How to achieve optimization multi-core designs using a multi-objective optimization heuristic.
Technologies such as autonomous cars and 5G communication are seeing a rapid increase in the number of processing elements (PE) per platform. Where software professionals were used to programming one, two or a handful of cores, the game has now changed. Intel’s Many Integrated Core Architecture [3] contains up to 78 cores, Nvidia Tegra XI[2] has up to 260 cores and Adapteva’s Epiphany-V[1] has 1024 cores. Future systems will utilize platforms with thousands of cores and this poses many new challenges. Understanding your system has never
been more important.
Mapping a parallel application on a multi-processor system-on-chip (MPSoC) platform refers to assigning different tasks of a parallel application onto PEs. Mapping is typically performed for a certain mapping objective, such as meeting deadlines, improving performance, reducing energy/power consumption and optimizing memory throughput. Objective-based mapping is considered to be an NP-complete problem[4]. This implies that it is unlikely for an approach to find an optimal mapping solution in polynomial time. Furthermore, the mapping search space (MSS) grows exponentially with MPSoC platform and/or parallel application complexity increase. Therefore, different mapping algorithms and heuristics have been developed to explore the MSS to find a procedure which can fulfill the required mapping objective criteria.
More and more applications require multiple objectives to be optimized simultaneously. This is referred to as multi-objective optimization. Typically, these objectives can be contradictory in nature and potentially lead to multiple solutions with varying results for the optimization goals. In this case, multi-objective optimization can produce a set of optimal solutions that represent a trade-off between the different objective values. The solution set is called Pareto optimal set or just Pareto solutions.

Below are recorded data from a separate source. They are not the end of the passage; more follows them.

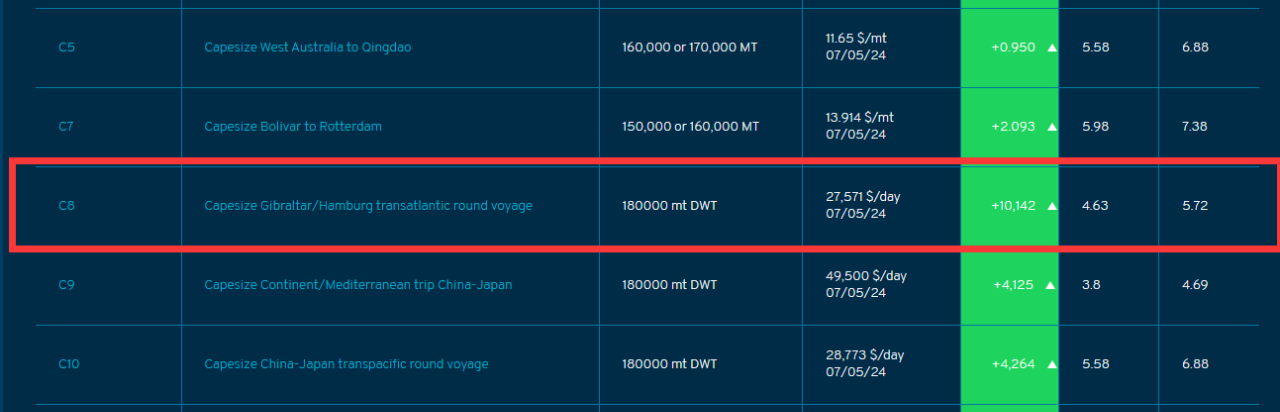此外,如上表,另外一條占據(jù)權(quán)重達(dá)到25%的太平洋市場的C10航線評估的等效期租租金也出現(xiàn)了不小幅度的上漲。周二評估的4264美元/天的上漲量(至28773美元/天)也相對于上周上漲了37%。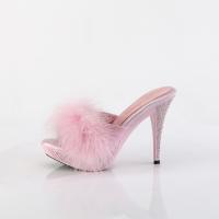 4 1/2""(114mm)ヒール、1"(25mm)ラインストーン装飾ヒールとプラットフォームをフィーチャーしたプラットフォームマラブースリッパ(PF Marabou Fur Slipper)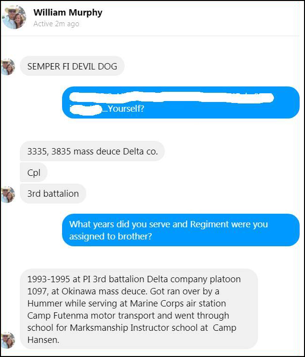 And Murphy also spoke about serving with the 3rd Marine Division in Okinawa…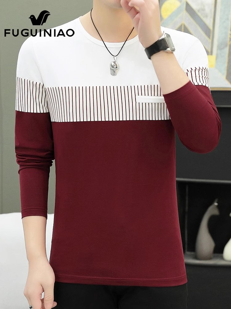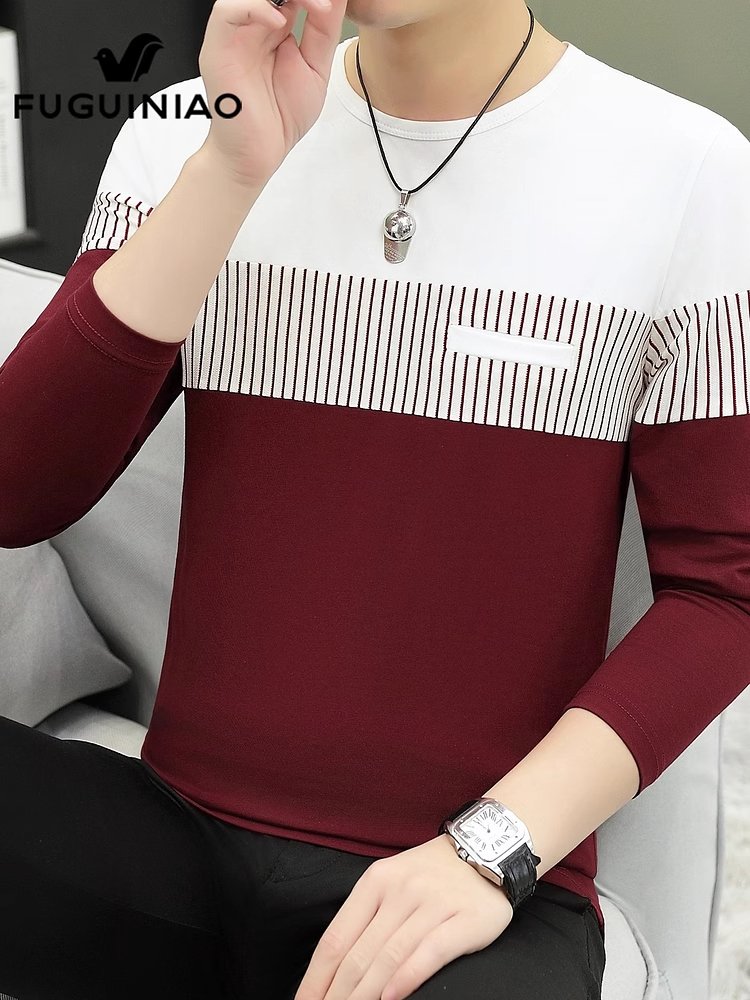 富贵鸟拼色长袖t恤男士春季新款宽松打底衫休闲圆领卫衣男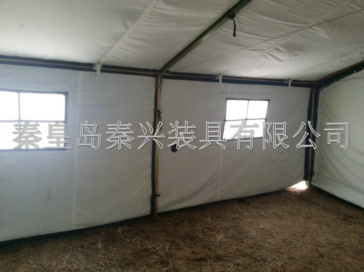 2.帳篷面布采用28×2/28×2草綠色滌綸帆布,其抗拉、撕裂、耐老化、防雨等性能優(yōu)良。保溫層采用3mm厚合纖針刺氈。里子布采用150D阻燃本白牛津布。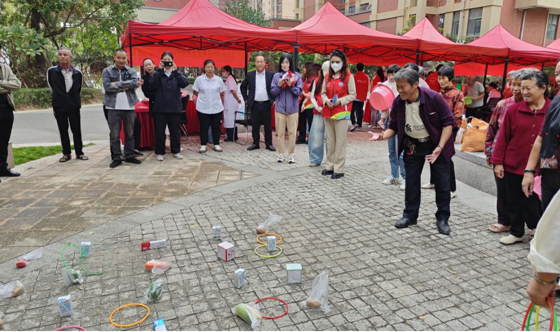 趣味互动乐不停,知识好礼双丰收 为让活动更添乐趣,现场设置了丰富的游戏互动环节。围绕防诈知识、健康膳食、传统文化等内容开展问答活动,长者们积极举手抢答,答对者接过礼品时满脸笑容;果蔬套圈、好运掷骰子、记忆配对小游戏前的摊位更是吸引了众多长者参与,周围不时传出欢呼声。“玩游戏有礼物还能学知识,这活动太开心了”。

One approach to find the Pareto optimal solution is to analyze every possible mapping solution present in the MSS. For example, by using exhaustive search or brute force search techniques. This is usually not feasible because of long exploration times or resource requirements. Alternatively, multi-objective evolutionary algorithms (MOEA) are used. MOEAs are meta-heuristics that can provide a near optimal solution set in significantly reduced exploration time[6].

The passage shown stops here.